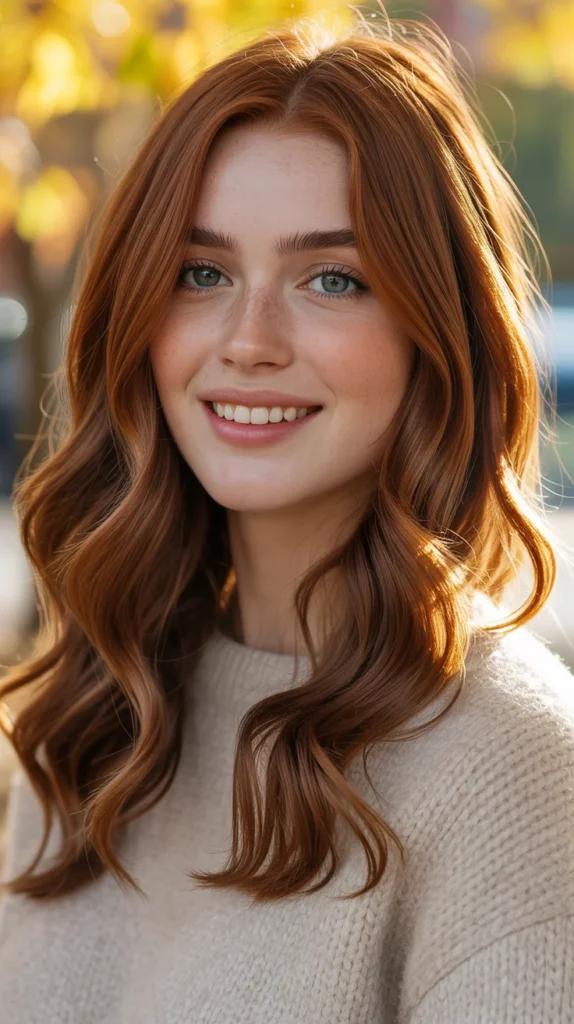 Auburn always shines in the fall, and loose waves make it even better. 🍂 This deep red shade glows under autumn light, creating a cozy yet polished finish. The warmth of auburn pairs perfectly with seasonal outfits, from chunky knits to tailored coats. On wavy hair, the tone catches dimension beautifully, adding softness and charm. It’s timeless, chic, and the ultimate fall hair color if you’re after glow and depth.
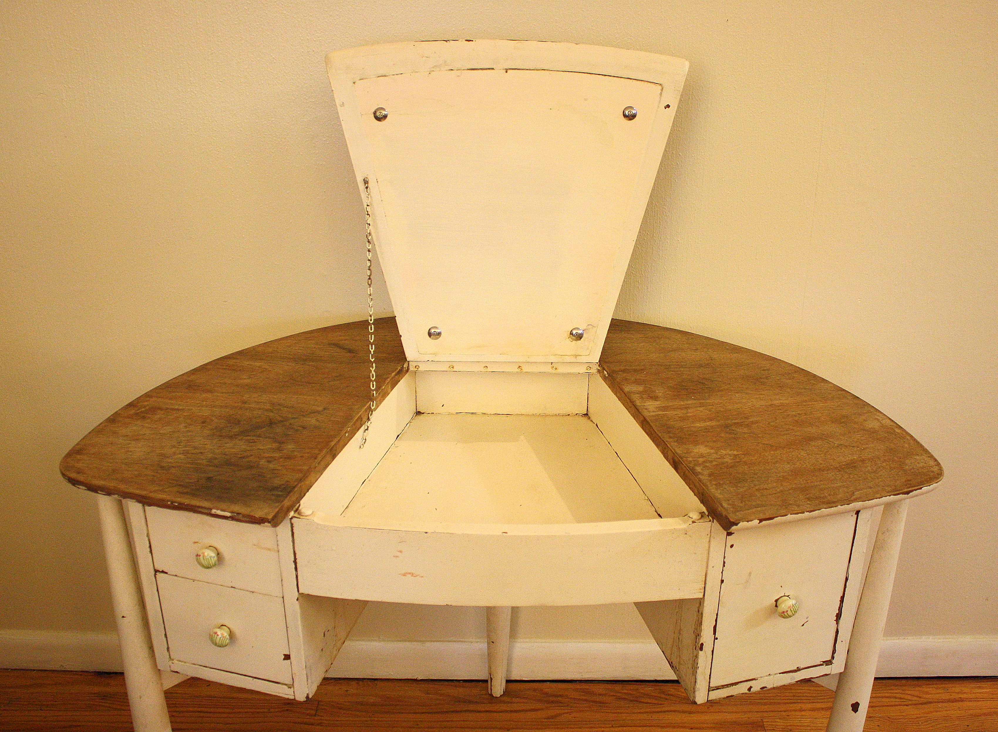 This is an antique vanity with a fliptop storage compartment. It has a great unique shape and a beautiful patina.  Great for a shabby chic console table.
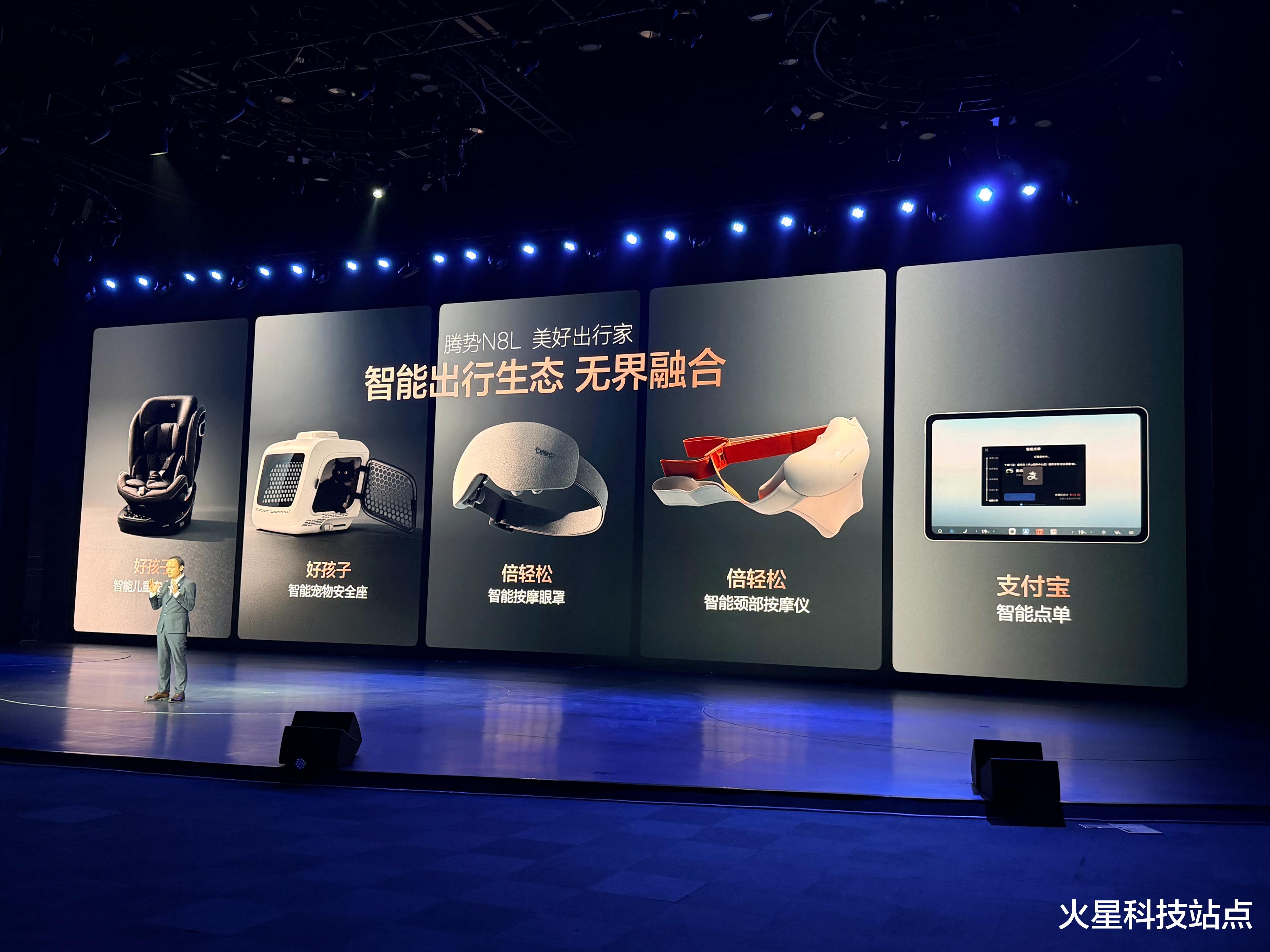 然后在智能化方面,腾势N8L搭载了带激光雷达的天神之眼B,得益于比亚迪最大的车云数据库,它拥有着更快的算法进化,其不仅支持车位到车位的智驾功能,而且还支持所有自动泊车事故全部兜底,属于行业一流水平。其次,腾势N8L还用上了20扬声器1600瓦的帝瓦雷音响系统,为了对得起这套系统,腾势还联手QQ音乐,提供臻品母带级无损音源,音质效果比其他百万级BBA都要更好。然后,腾势这一次也推出了车家互联的概念,如今已经打通了美的的全场景智能家居,腾势和小米一样,也可以完成智能家居的联动,并且还提供了智能安全座椅,智能宠物安全座,车载游戏手柄等更多生态,并且还会持续开放更多功能。另外,它还支持手势开门,智能点单,专属卡通形象,车机互联功能,所以在智能化方面,腾势全部都与时俱进的跟上了。
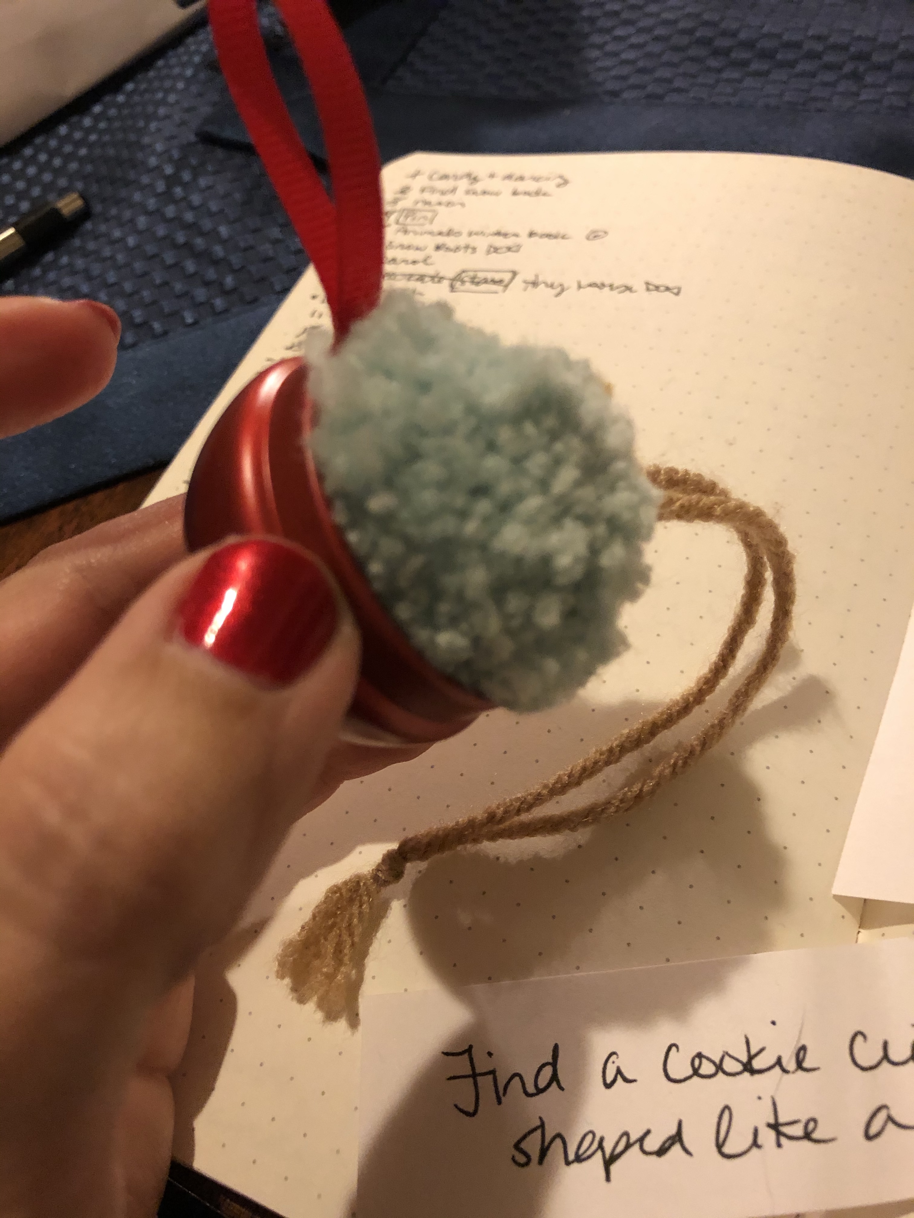 Since then, we’ve opened up three more ornaments: one was an item (this was the easiest), one was to look for a book which I didn’t think to look for beforehand until after I wrote it down, then couldn’t find, so we just made up a title we knew was close by (#nailedit), and the last I threw a candy in and took out the paper because we didn’t get the tree on time (*shakes fist at the rain*).
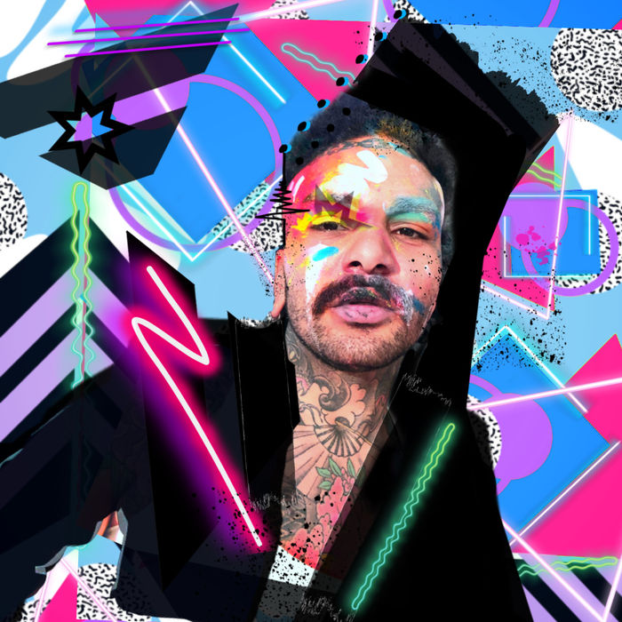 The portrait is loud in the right way: neon geometry, self-iconography, painterly intervention, and a face held at the center like a manifesto.
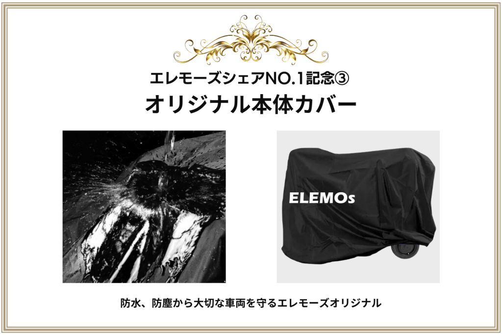 今回、特定小型、特例特定小型に必要な保安基準部品は全てついてきまして、運転のしやすくなるミラーや何度でも入る収納、走行がとてもラクになる背もたれも全てセット。さらにELEMOs4シリーズをご購入の方には、空気を入れるだけでなく、空気圧のチェックもできるメンテナンスに欠かせない電動空気入れ、電源ONOFF時に必須のスマートタッチキーのスペア、大切な車体を守るオリジナル本体カバー、23,000円相当のオプションを無料でお付けして、この価格です。
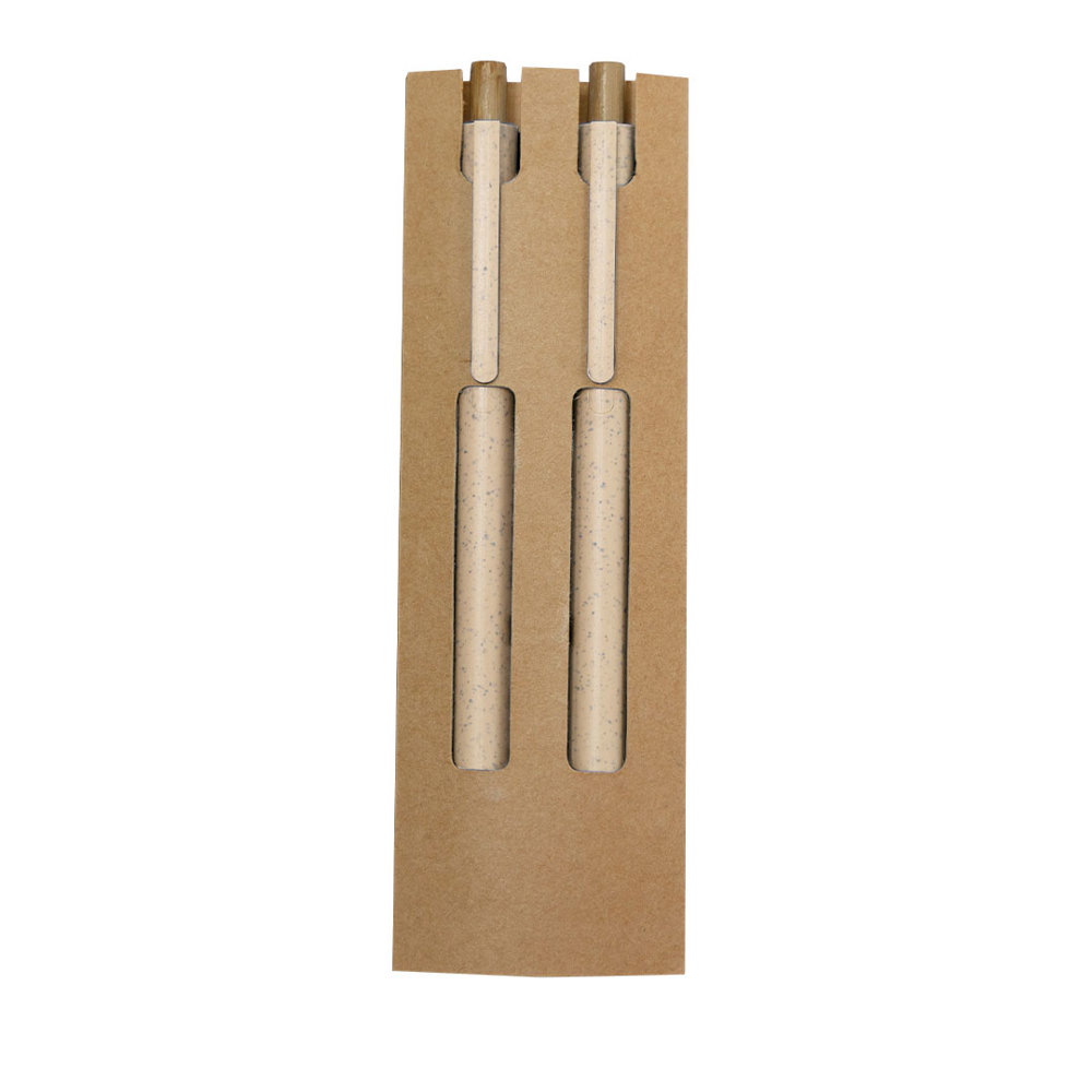Set of pen and eternal pencil made from wheat straw and bamboo. Pen with push mechanism made from bamboo with blue ink and matching clip. And pencil with push mechanism made from bamboo featuring an eternal tip, allowing the use of the same pencil without generating waste. Presented in a recycled cardboard case. With printed wheat straw label.Made from plant-based materials to promote the use of natural raw materials and reduce contaminating emissions.

########################################

Skip the pictures, please, and transcribe only the lines from the beginning of the material through the one that contains "This is an antique".

*SOLUTION*.
 Auburn always shines in the fall, and loose waves make it even better. 🍂 This deep red shade glows under autumn light, creating a cozy yet polished finish. The warmth of auburn pairs perfectly with seasonal outfits, from chunky knits to tailored coats. On wavy hair, the tone catches dimension beautifully, adding softness and charm. It’s timeless, chic, and the ultimate fall hair color if you’re after glow and depth.
 This is an antique vanity with a fliptop storage compartment. It has a great unique shape and a beautiful patina.  Great for a shabby chic console table.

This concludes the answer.